**** Dataset content

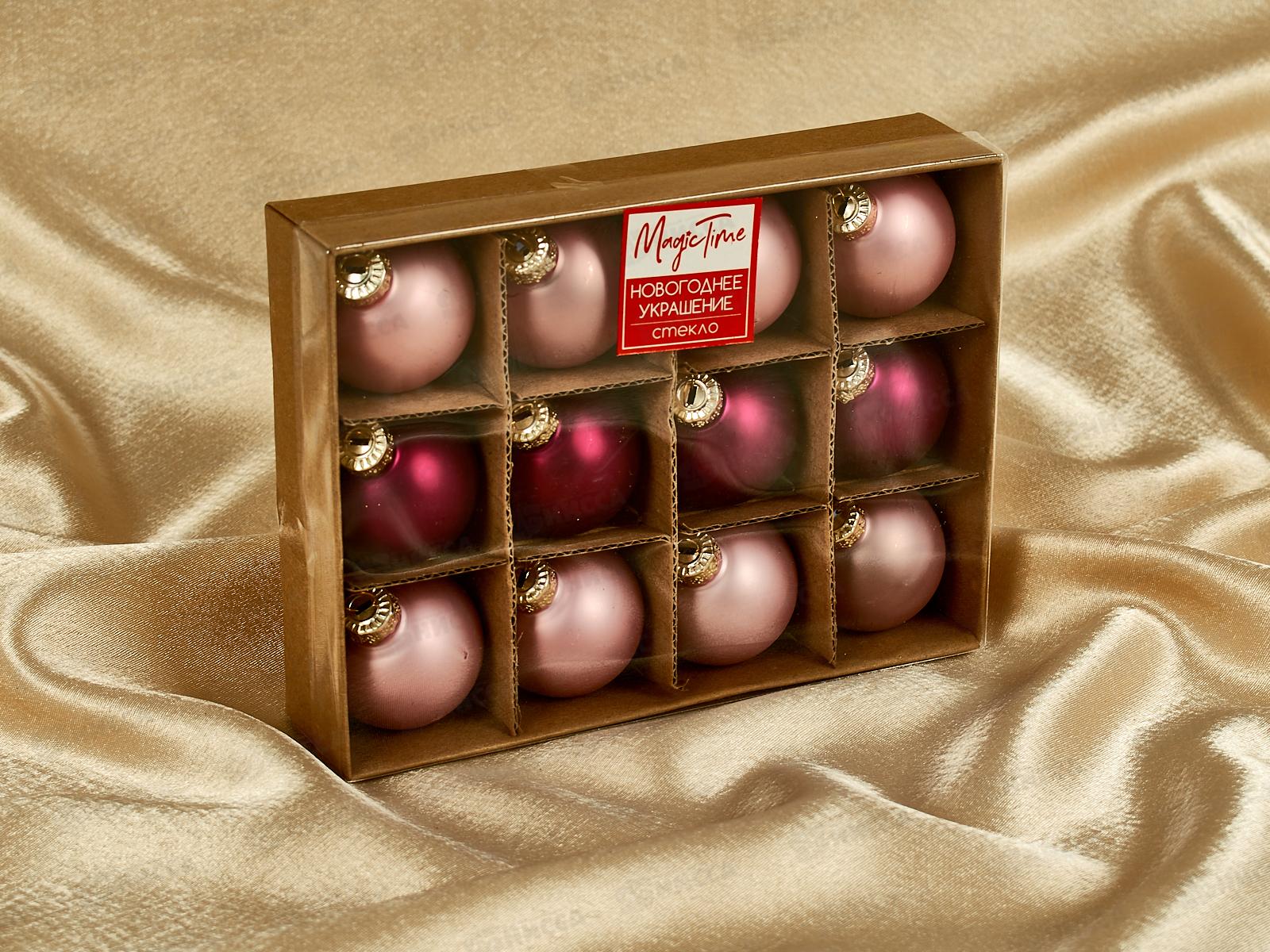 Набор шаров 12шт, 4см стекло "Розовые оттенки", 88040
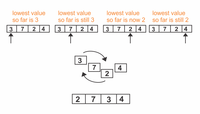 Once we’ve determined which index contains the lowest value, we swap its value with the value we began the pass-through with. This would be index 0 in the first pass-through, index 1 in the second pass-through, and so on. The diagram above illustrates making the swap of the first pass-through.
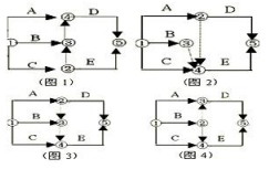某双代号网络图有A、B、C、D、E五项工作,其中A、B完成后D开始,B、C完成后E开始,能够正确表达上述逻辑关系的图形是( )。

********

*Task directions*
Your task is to retype exactly the lines that run from the line with "Once we’ve determined" through the last line of the material, with the pictures left out.

*Written solution*
 Once we’ve determined which index contains the lowest value, we swap its value with the value we began the pass-through with. This would be index 0 in the first pass-through, index 1 in the second pass-through, and so on. The diagram above illustrates making the swap of the first pass-through.
某双代号网络图有A、B、C、D、E五项工作,其中A、B完成后D开始,B、C完成后E开始,能够正确表达上述逻辑关系的图形是( )。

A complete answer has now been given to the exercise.